De budgethouder of diens (wettelijk) vertegenwoordiger moet motiveren waarom hij de voorziening in de vorm van een pgb wil krijgen. Te honoreren motieven:

  • de zekerheid van een vaste hulpverlener, die zich voor langere tijd aan de cliënt verbindt;

  • de zorgvrager heeft ondersteuning nodig die slecht in te plannen valt;

  • de zorgvrager heeft ondersteuning nodig op verschillende tijdstippen per etmaal;

  • er is ondersteuning nodig op verschillende locaties;

  • er is ondersteuning nodig op veel, korte momenten per dag;

  • er is ondersteuning nodig op ongebruikelijke tijden, bijvoorbeeld van 23.00 uur tot 7.00 uur;

  • de mogelijkheid om een zorgverlener te kiezen die past bij de persoonlijke levenssfeer en overtuiging van de cliënt;

  • De zorgvrager in staat is een adequate voorziening aan te schaffen;

  • Ect.

 

Ad c Voldoende kwaliteit van de ondersteuning

De budgethouder moet aantonen dat het budget besteed wordt aan een maatwerkvoorziening die veilig, doeltreffend en cliëntgericht is.

 

Indien de ondersteuning wordt geboden door een niet professioneel persoon uit de sociale omgeving, niet zijnde een aanbieder die woningaanpassingen en hulpmiddelen levert, dient bij het te overleggen ondersteuningsplan een Verklaring omtrent gedrag (VOG) van deze persoon gevoegd te zijn. Deze VOG mag niet ouder dan drie maanden zijn. Deze termijn is opgenomen in de wet.

 

Tarief

Het kader voor het tarief pgb voor geïndiceerde diensten is vastgelegd in de Verordening maatschappelijke ondersteuning gemeente Putten 2018 en het exacte bedrag wordt jaarlijks vastgelegd in het Besluit maatschappelijke ondersteuning Putten 2018.

 

  • 1.

    Voor de dienst Hulp bij het huishouden wordt onderscheid gemaakt tussen een tarief te besteden bij een zorgaanbieder, een tarief te besteden bij aanbieders die werkzaam zijn als ZZP-er en werken volgens de algemene standaard van de beroepsgroep en een tarief voor personen uit het sociale netwerk.

  • 2.

    Voor de dienst Begeleiding wordt onderscheid gemaakt tussen een tarief te besteden bij een zorgaanbieder, een tarief te besteden bij aanbieders die werkzaam zijn als ZZP-er en werken volgens de algemene standaard van de beroepsgroep en een tarief voor personen uit het sociale netwerk.

  • 3.

    Voor de dienst Kortdurend verblijf is het naast de ZIN-aanbieders alleen mogelijk te kiezen voor aanbieders die werken volgens vastgestelde kwaliteitsstandaarden.

 

Trekkingsrecht

Als de dienstverlening in pgb wordt verstrekt, geldt het zogenaamde trekkingsrecht. De gemeente maakt het geld niet over aan de budgethouder, maar aan de Sociale Verzekeringsbank (SVB). De cliënt wordt zowel mondeling als schriftelijke geïnformeerd over de gevolgen van de keuze voor een pgb.

 

Budgethouders moeten de SVB opdracht geven voor betalingen aan hun dienstverleners of instelling.

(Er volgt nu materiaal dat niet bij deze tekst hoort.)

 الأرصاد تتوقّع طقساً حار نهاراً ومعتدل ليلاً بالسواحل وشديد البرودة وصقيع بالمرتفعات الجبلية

Na verschillende controles betaalt de SVB de facturen van de dienstverlener of instelling. Betaling contant, per week of vierwekelijks is niet meer mogelijk. Dienstverleners worden maandelijks uitbetaald, op basis van urenbriefjes of facturen.

 

Zowel de budgethouder als de gemeente krijgt inzicht in de besteding van het pgb en ontvangen overzichten, waarin duidelijk wordt hoeveel van het pgb waaraan is besteed en wat er nog over is. Niet bestede bedragen worden teruggestort aan de gemeente.

 

Woningaanpassingen in pgb

Het tarief voor geïndiceerde woningaanpassingen is vastgelegd in het Besluit maatschappelijke ondersteuning Putten 2018.

 

In de beschikking is opgenomen welk doel bereikt moet worden met de woningaanpassing en het daarvoor vereiste programma van eisen is toegevoegd. De cliënt vraagt zelf twee offertes op basis van het gestelde programma van eisen op bij aannemers van eigen voorkeur. De goedkoopst adequate offerte bepaalt de hoogte van het pgb. Indien van toepassing houdt de gemeente rekening met onderhoud en verzekering.

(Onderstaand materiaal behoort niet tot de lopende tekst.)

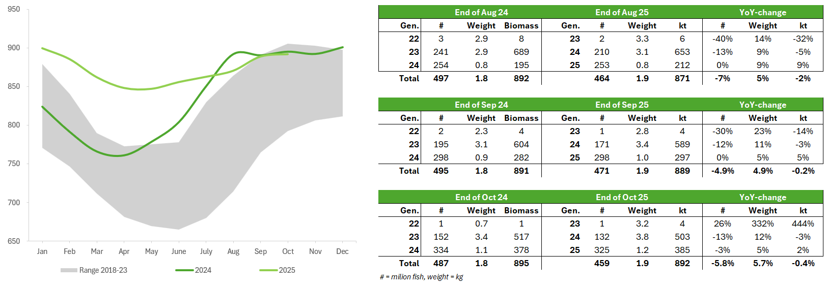 “Som vi har sett de siste ukene, begynner markedet allerede å stramme seg til, og slaktetempoet vil avta ytterligere. Som vi har fremhevet i våre tidligere biomasseoppdateringer, er det ventet at 24-generasjonen (der individene er ned med 13 prosent år over år) skal høstes mellom nå og sommeren 2026. En tosifret nedgang i antall individer fra år til år er ganske betydelig, og vi går inn i det nye året med et helt annet grunnlag enn i fjor. Selv om høyere vekter kan oppveie noe av effekten på tilbudsveksten inn i neste år, tror vi at første halvår begynner å se stadig mer stramt ut.”

De cliënt moet naast de realisatie van de aanpassing met dit geldbedrag de voorziening beheren, onderhouden en verzekeren.

 

Hulpmiddelen in pgb

Het tarief voor geïndiceerde hulpmiddelen is vastgelegd in het Jaarlijks vast te stellen Besluit maatschappelijke ondersteuning Putten.

 

In de beschikking is opgenomen welk doel bereikt moet worden met het hulpmiddel en het daarvoor vereiste programma van eisen is toegevoegd.

De gemeente beoordeelt de kostprijs van een hulpmiddel die de aanvrager op dat moment zou hebben ontvangen als het hulpmiddel in natura zou zijn verstrekt. Als de naturaverstrekking een tweedehands voorziening betreft, wordt de kostprijs daarop gebaseerd, met een looptijd gelijk aan de verkorte termijn waarop de zaak technisch is afgeschreven. Als de naturaverstrekking een nieuwe voorziening betreft, wordt de kostprijs daarop gebaseerd. In de kostprijs wordt rekening gehouden met eventueel door de gemeente te ontvangen korting en wordt ook rekening gehouden met onderhoud en verzekering.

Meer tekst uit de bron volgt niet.